Denkt man in diese Richtung weiter, dann erscheint es nur logisch, dass geringe Geschlechtervielfalt als ein Indiz für Branchen gilt, die wenig offen für neue Ideen sind (vgl. Catherine Mitchell, Professorin für Energiepolitik an der Universität von Exeter). Und was braucht es aktuell mehr als Ideen, wie fossile Energieträger schnellstmöglich von erneuerbaren Technologien abgelöst werden, um die Erderwärmung zu stoppen? Aber es gibt auch gute Nachrichten: Der Frauenanteil ist zwar auch im Bereich der erneuerbaren Energien gering, der Zuwachs ist aber laut PwC höher als in der Energiebranche insgesamt. Die Digitalisierung und das steigende Bewusstsein für den Klimawandel schaffen ganz neue Berufsmöglichkeiten – weder sind hier immer naturwissenschaftliche Fähigkeiten gefragt, noch gibt es Gründe, warum Frauen diese Berufe weniger erfolgreich ausüben könnten. Ganz im Gegenteil: Der Zuwachs der Erneuerbare-Energien-Branche wird maßgeblich darauf angewiesen sein, dass Frauen aller Fachrichtungen die Energiewende gemeinsam voranbringen.

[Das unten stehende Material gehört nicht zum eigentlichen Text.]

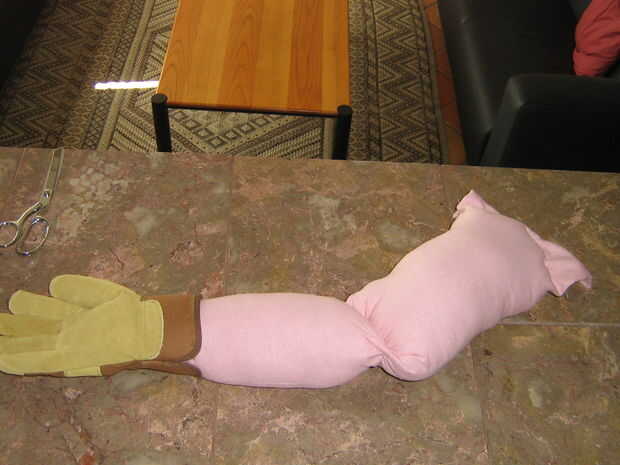 En primer lugar, un brazo falso fue cosido para la manga derecha, relleno y cosido para dar un codo y la articulación del hombro. Para facilitar la coincidencia, las manos son guantes (Seymour lleva el otro guante en su mano izquierda para emparejar). La mano falsa se rellena y los dedos se suturan para posicionamiento más realista.

„Heute beschäftigt die Branche der regenerativen Energieträger über 11 Millionen Beschäftigte. Bis ins Jahr 2050 soll dieser Anteil auf 43 Millionen Beschäftigte anwachsen. Heute liegt der Frauenanteil in der Branche weltweit gerade mal bei 32 %. Um die Energiewende bestmöglich zu bewerkstelligen, braucht es die besten Köpfe, Männer wie Frauen! Aus diesem Grund habe ich 2017 GWNET, das Global Women’s Network for the Energy Transition, mitbegründet, das mittlerweile schon über 1.300 Mitglieder aus über 100 Ländern hat.“ Christine Lins

Und was braucht es nun, um klugen Frauen die Möglichkeit zu geben, die Energiewende voranzubringen? Es muss über grundlegende externe Regulierungen wie die Einführung einer Frauenquote oder flexiblere Arbeitszeitmodelle (auch für Männer!) diskutiert werden. Der steigende Frauenanteil muss dann Raum für Impulse und Ideen schaffen, die den Klimaschutz und die Energiewende gesamtwirtschaftlich und global fördern. Zusätzlich benötigt es Netzwerke als zentrale Orte des Austausches und als starke Stimme für die Gleichstellung der Geschlechter im Energiesektor. Bereits heute findet in der Branche der erneuerbaren Energien eine aktive Vernetzung statt. Mit der Gründung von Netzwerkgruppen wie „Global Women’s Network for the Energy Transition“ oder „Women of Wind Energy“ wurde erkannt, dass die Frauen der Branche eine starke Stimme brauchen und die gegenseitige Unterstützung ein Kernfaktor für die Gleichstellung der Geschlechter im Sektor ist. Es ist Zeit für Vorreiterinnen, die die Sichtbarkeit der Frauen im Energiebereich erhöhen und die als Vorbilder vorangehen. Es braucht diese beeindruckenden Frauen auf der ganzen Welt, die Mädchen zeigen, dass Frauen eine Stimme haben, dass Frauen eine zentrale Rolle spielen für das Vorankommen der Energiewende und zukunftsfähiger Wirtschaftsmodelle insgesamt, für die Akzeptanz von erneuerbaren Energien sowie für den Klimaschutz und die Erhaltung unseres Planeten.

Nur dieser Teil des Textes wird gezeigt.